The flip side to the frigid weather in much of the U.S. is record warmth in the West. Parts of Alaska hit the mid-50s this week.
And it's dry -- 93 percent of California is in a severe drought that's going on four years.
A time-lapse video shows the mountaintops of Squaw Valley. There's so little snow next month's World Cup ski event had to be cancelled.
Nevada's Lake Mead Reservoir, which provides water for 20 million people, is less than half full.
And in Oregon, the snowpack on Mount Hood is so low, farmer Jon Laraway fears water rationing come spring.
"Growers may have to go on a schedule basis, where they can't irrigate as much," Laraway says. "We've never had to do that on this side of the valley."
Scientists blame what they call a "ridiculously resilient ridge" of high pressure off the coast of California. It has been blocking winter storms and keeping temperatures above normal.

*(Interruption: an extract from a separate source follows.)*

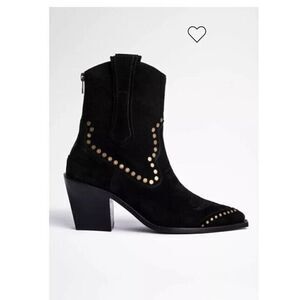 * Zadig & Voltaire Cara Black Suede Western Cowboy Studded Ankle Boots Sz 11 $798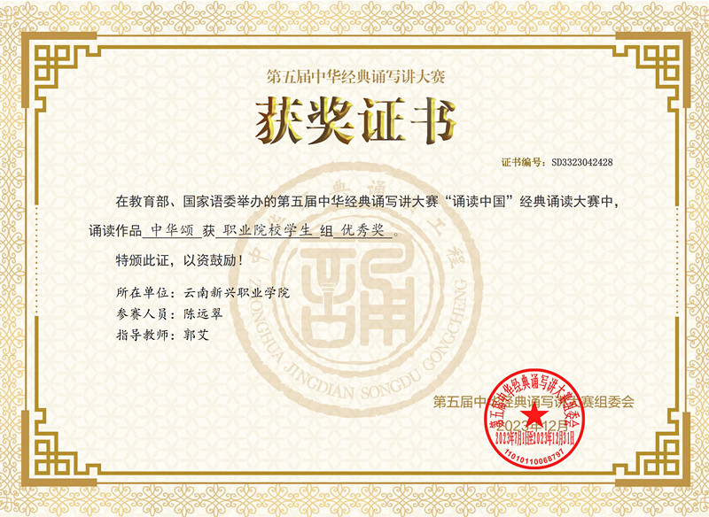近日接到通知获悉sjb世俱杯2022级高职音乐表演班陈远翠同学参加云南省第五届中华经典诵写讲大赛,作品《中华颂》荣获一等奖,被推荐参加第五届中华经典诵写讲大赛荣获国家级优秀奖。希望sjb世俱杯广大师生广泛开展经典诵读、讲解、书...

"I think it's unprecedented, because we are seeing the warmest temperatures we've seen on record," says meteorologist Eric Boldt. "Often, the high pressure will start shift back to the west and we start to see colder storm moving through our region, but that just hasn't happened the last two years."
Northern California did get several inches of rain earlier this month. But mountain snow is what matters most.
The spring snow melt provides a third of California's water, helping fill the state's nearly empty reservoirs. The latest snow survey found the Sierra Nevada snowpack at just 12 percent of normal.
Government scientists now predict a fourth-straight year of drought in the West. It's even dry in Hawaii -- nearly half the state is in a drought.